The gut microbiota plays an important role in human health and disease. The gut microbiota can modify dietary components and molecules that the body produces, such as bile acids, to produce a wide range of biologically active compounds. These metabolites, the intermediate or end products of bacterial metabolism, can influence host metabolism and immunity.
Diet can influence the composition of the gut microbiome which, in turn, can influence the production of these metabolites.
For example, certain types of dietary fiber can act as prebiotics, foods that can influence the growth and activity of the gut microbiota to produce beneficial health effects. These prebiotic dietary fibers cannot be digested by human enzymes in the small intestine and are broken down by fermentation by gut microbes in the large intestine.

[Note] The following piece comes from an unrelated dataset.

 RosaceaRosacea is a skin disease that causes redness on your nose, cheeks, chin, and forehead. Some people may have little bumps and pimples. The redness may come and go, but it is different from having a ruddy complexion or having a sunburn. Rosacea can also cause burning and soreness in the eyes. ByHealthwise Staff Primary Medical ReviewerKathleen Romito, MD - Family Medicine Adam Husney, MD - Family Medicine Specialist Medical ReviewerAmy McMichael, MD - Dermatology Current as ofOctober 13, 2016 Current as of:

Fermentation of undigested dietary fiber by intestinal bacteria produces metabolites such as short-chain fatty acids, including acetic acid, butyric acid, and propionic acid. Previous studies have shown that these short-chain fatty acids may have a beneficial impact on metabolism and produce anti-inflammatory effects.

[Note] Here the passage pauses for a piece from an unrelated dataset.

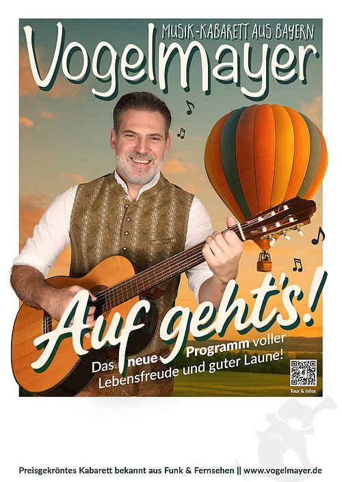 Der bayrische Musikkabarettist Vogelmayer ist zurück - mit seinem neuen Programm "Lebensfreude" bringt er genau das auf die Bühne, was wir alle brauchen. Humor, Herz und eine große Portion Lebenslust!

However, in addition to short-chain fatty acids, the breakdown of dietary fiber by the gut microbiota also produces other metabolitesincluding branched-chain amino acids, indoles, and bile acids.
There are multiple different types of dietary fiber, including inulin, cellulose, and lignin, and each type of dietary fiber affects the composition of the gut microbiota and the production of microbiota-derived metabolites differently.
Although researchers have extensively examined the effects of short-chain fatty acids on the metabolic and immune systems, the effects of consuming a diet rich in a specific type of dietary fiber on the immune system are not well understood.
In the current study, researchers examined the impact of a diet enriched in inulin, a type of soluble dietary fiber, on the composition and inflammation of the gut microbiota.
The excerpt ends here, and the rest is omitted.